Porque no ha sentido desprecio ni repugnancia
hacia el pobre desgraciado;
no le ha escondido su rostro:
cuando pidió auxilio, lo escuchó.

Él es mi alabanza en la gran asamblea,
cumpliré mis votos delante de sus fieles.
Los desvalidos comerán hasta saciarse,
alabarán al Señor los que lo buscan:
viva su corazón por siempre.

Lo recordarán y volverán al Señor
hasta de los confines del orbe;
en su presencia se postrarán
las familias de los pueblos.

Porque del Señor es el reino,
él gobierna a los pueblos.
Ante él se postrarán las cenizas de la tumba,
ante él se inclinarán los que bajan al polvo.

Me hará vivir para él, mi descendencia le servirá,
hablarán del Señor a la generación futura,
contarán su justicia al pueblo que ha de nacer;
todo lo que hizo el Señor.

Gloria al Padre, y al Hijo, y al Espíritu Santo.
Como era en el principio, ahora y siempre, por los siglos de los siglos. Amén.

Antífona 2
Recuerde que debe tener en el corazón un sincero amor de esta cruz, de la cual lleva la imagen en el pecho.  

Sin duda tendremos que sufrir en estas pruebas; ¡Bendito sea Dios! Después de todo, somos los discípulos de ese Jesús que ha vivido pobre, que fue humillado y condenado al suplicio de la cruz. Considerémonos pues, felices cuando Dios nos llama a llevar la imagen de su divino Hijo traicionado, ultrajado, crucificado; no vivamos más que de la pura fe, no toquemos la tierra más que con nuestros pies; que nuestros corazones se eleven hasta el cielo.

Hijos míos todas las palmas de los mártires, de los confesores de la fe, del celo apostólico no han sido aún distribuidas; quedan para nosotros. Vayamos pues, con alegría, ante las que nos son ofrecidas para conquistar; lancémonos a tomarlas; y si perseveramos hasta el fin; serán nuestras (Apertura de un retiro a los Hermanos, S VII 2247)

Antífona
¿Acaso Jesucristo nos dejó su evangelio para adularnos los oídos? La cruz, la cruz, ésa es su elocuencia. Ella es tan hermosa que ha persuadido a los sabios y a los ignoran­tes, al griego y al bárbaro; es tan fuerte que ha subyugado la tierra.    

Bendito es nuestro Dios
porque ha venido a redimir
a su pueblo con amor.

Él nos envió al poderoso salvador ,
Jesucristo, el Señor.
Y así nos concedió ser libres del temor
al rescatarnos del poder del mal,
a fin de servir con justicia y santidad
y hacer su perfecta voluntad.
/Amén y amén/ (bis)

Antífona
¿Acaso Jesucristo nos dejó su evangelio para adularnos los oídos?
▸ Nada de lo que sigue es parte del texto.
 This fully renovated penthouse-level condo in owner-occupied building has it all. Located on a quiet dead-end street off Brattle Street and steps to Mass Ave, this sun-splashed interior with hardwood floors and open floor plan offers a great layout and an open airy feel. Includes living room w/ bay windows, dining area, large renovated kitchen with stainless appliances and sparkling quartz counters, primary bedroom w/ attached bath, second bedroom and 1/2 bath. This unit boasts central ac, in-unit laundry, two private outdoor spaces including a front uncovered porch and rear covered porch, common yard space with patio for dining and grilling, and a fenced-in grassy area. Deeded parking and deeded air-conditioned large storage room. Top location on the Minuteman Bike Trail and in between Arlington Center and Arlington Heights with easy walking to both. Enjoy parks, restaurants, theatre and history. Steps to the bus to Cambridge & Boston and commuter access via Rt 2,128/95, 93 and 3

La cruz, la cruz, ésa es su elocuencia. Ella es tan hermosa que ha persuadido a los sabios y a los ignoran­tes, al griego y al bárbaro; es tan fuerte que ha subyugado la tierra.  
   

A cada intención respondemos:
Por tu Cruz, redimiste al mundo

-. Señor, que al contemplarte en la cruz recordemos tu amor inmenso por nosotros.
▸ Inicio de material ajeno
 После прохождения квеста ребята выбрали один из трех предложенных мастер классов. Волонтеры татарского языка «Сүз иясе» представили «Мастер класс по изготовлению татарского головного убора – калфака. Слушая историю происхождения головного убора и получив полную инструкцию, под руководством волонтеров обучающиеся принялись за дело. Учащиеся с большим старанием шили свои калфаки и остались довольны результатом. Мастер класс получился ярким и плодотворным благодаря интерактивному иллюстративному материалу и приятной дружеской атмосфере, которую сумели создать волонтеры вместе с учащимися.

-. Señor, que al ver hermanos y hermanas que sufren no nos quedemos de brazos cruzados.

-. Señor, agudiza nuestra sensibilidad para percibir el dolor de nuestros hermanos de comunidad.

-. Señor, enséñanos a orar por las necesidades del género humano.

-. Señor, danos la gracia de unir nuestros sufrimientos a tus sufrimientos, por la redención del mundo.

-. Señor, que la Familia Menesiana sepa aliviar el dolor de los más pequeños, allí donde hace misión.

Dios de infinita misericordia, que por la Cruz gloriosa de tu Hijo nos has redimido y nos has dado vida eterna, concédenos mirar siempre este signo de amor para que, abrazando nuestra propia cruz, sigamos fielmente a Jesús, nuestro Salvador, que vive y reina contigo en la unidad del Espíritu Santo, y es Dios por los siglos de los siglos. Amén.